Features that are strongly correlated with hp (our target) will be important for our model
Features that are highly correlated with each other might cause multicollinearity issues
We can identify which features might be redundant or provide little unique information

We should pay special attention to features that have strong positive or negative correlations with hp as these will likely be the most predictive.

Categorical Feature Distributions

Now lets look at the distribution of categorical features like types and subtypes. These were one-hot encoded in part 2, so we can count how many cards fall into each category.

type_columns = data.filter(regex='^type_')
type_counts = type_columns.sum()
type_counts = type_counts.sort_values(ascending=False)

plt.figure(figsize=(12, 6))
plt.bar(range(len(type_counts)), type_counts.values)
plt.xticks(range(len(type_counts)), type_counts.index, rotation=45, ha='right')
plt.xlabel('Type')
plt.ylabel('Count')
plt.title('Distribution of Pokemon Card Types')
plt.tight_layout()
plt.show()

This gives us a sense of how balanced our dataset is across different Pokemon types. If certain types are underrepresented, our model might not perform as well for those types. Lets also look at the distribution of subtypes.
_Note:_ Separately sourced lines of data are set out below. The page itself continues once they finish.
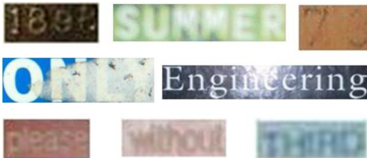
第6図 正しい2値化文字列画像が生成できなかった画像例
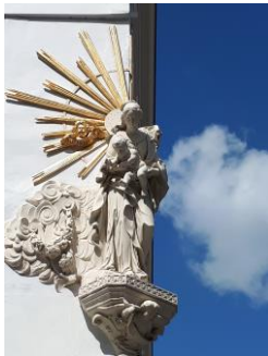
Statue de la Vierge Marie à Anvers (Belgique), avril 2019

Le numéro 4 publié en mars 2020 consacré à la solidarité interreligieuse
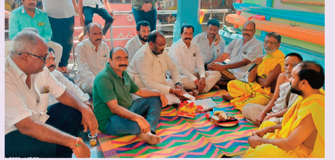
సీతారాముల కల్యాణానికి ఆహ్వానం
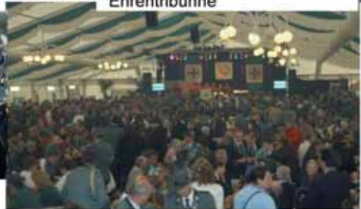
Ausklang der BJT nach dem Festzug am Sonntagnachmittag

Der Verein BJT 2010 bedankt sich bei allen Helfern, Spendern und Sponsoren für die Unterstützung bei der Durchführung der Bundesjungschützen tage.
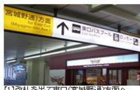
【1】改札を出て東口(宮城野道)方面へ。
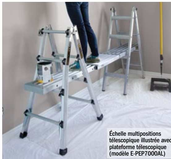
Échelle multipositions téléscopique illustrée avec plateforme télescopique (modèle E-PEP7000AL)
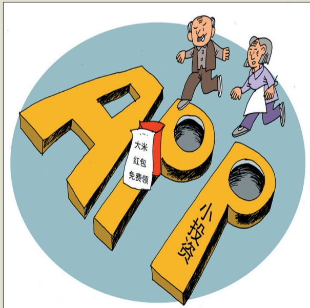
免费领 作者 毕传国
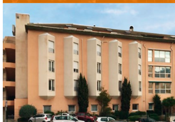
EHPAD Alzheimer - Bastia*

*Investissements déjà réalisés qui ne préjugent pas des investissements futurs.
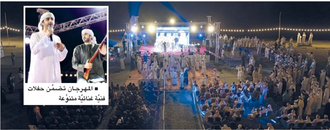
المهرجان تضمّن حفلات فنية غنائية متنوعة
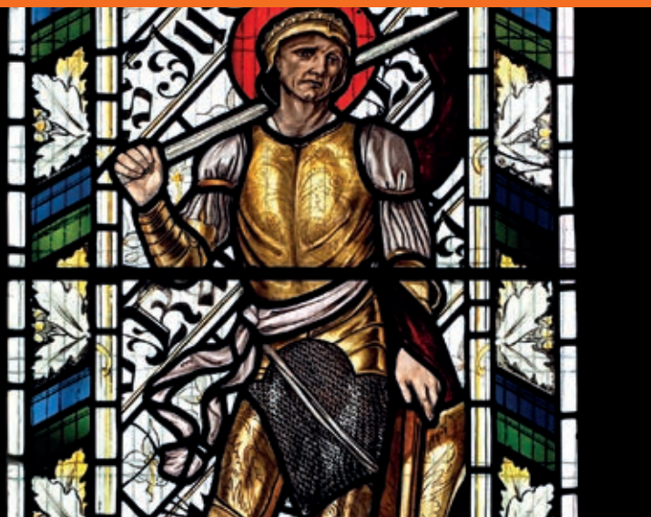
Judas Maccabeus.
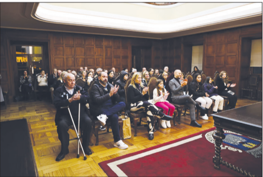
Panorâmica da solenidade festiva na Câmara de Santa Maria da Feira
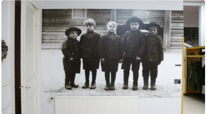
Lapualaispoikien pukukoodi 1930-luvulta. Valokuvasuurennoa Wanhan Karhunmäen seinällä tervehtii Körttimuseoon saapuvia.
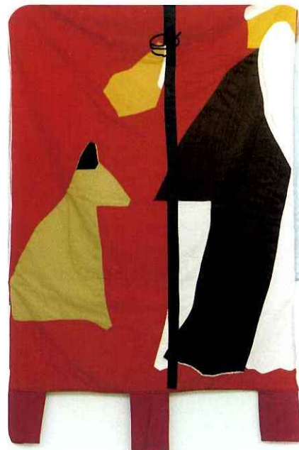
Giuseppe Santomaso Presenti 1988 tessuti misti cm 120x840
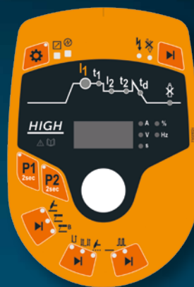
TIGER® HIGH DC 180 A / 230 A
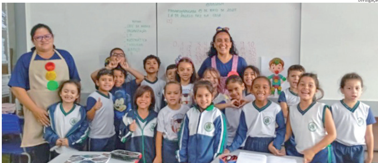
Estudantes da 'Dr. Ângelo Paz da Silva' assistiram a palestras de agentes comunitárias sobre o assunto

As profissionais de educação da escola destacaram que, por meio desta parceria entre a Saúde e a Educação, tem sido possível notar mudanças positivas no cotidiano das famílias, transformando o bairro numa sociedade melhor para as crianças.

subtype_columns = data.filter(regex='^subtype_')
subtype_counts = subtype_columns.sum()
subtype_counts = subtype_counts.sort_values(ascending=False)

plt.figure(figsize=(12, 6))
plt.bar(range(len(subtype_counts)), subtype_counts.values)
plt.xticks(range(len(subtype_counts)), subtype_counts.index, rotation=45, ha='right')
plt.xlabel('Type')
plt.ylabel('Count')
plt.title('Distribution of Pokemon Card Types')
plt.tight_layout()
plt.show()

Key Takeaways

From this exploratory data analysis, we’ve learned several important things about our dataset:

Feature Distributions: Most features have reasonable distributions, though some have outliers we might need to handle
Target Variable: HP values are discrete and tend to fall into specific ranges
Correlations: We’ve identified which features are most strongly correlated with HP
Class Balance: We can see how our data is distributed across different types and subtypes

These insights will help guide our feature selection and modeling decisions in the next part of this project. We now have a solid understanding of what we’re working with and can make informed decisions about how to build our predictive model.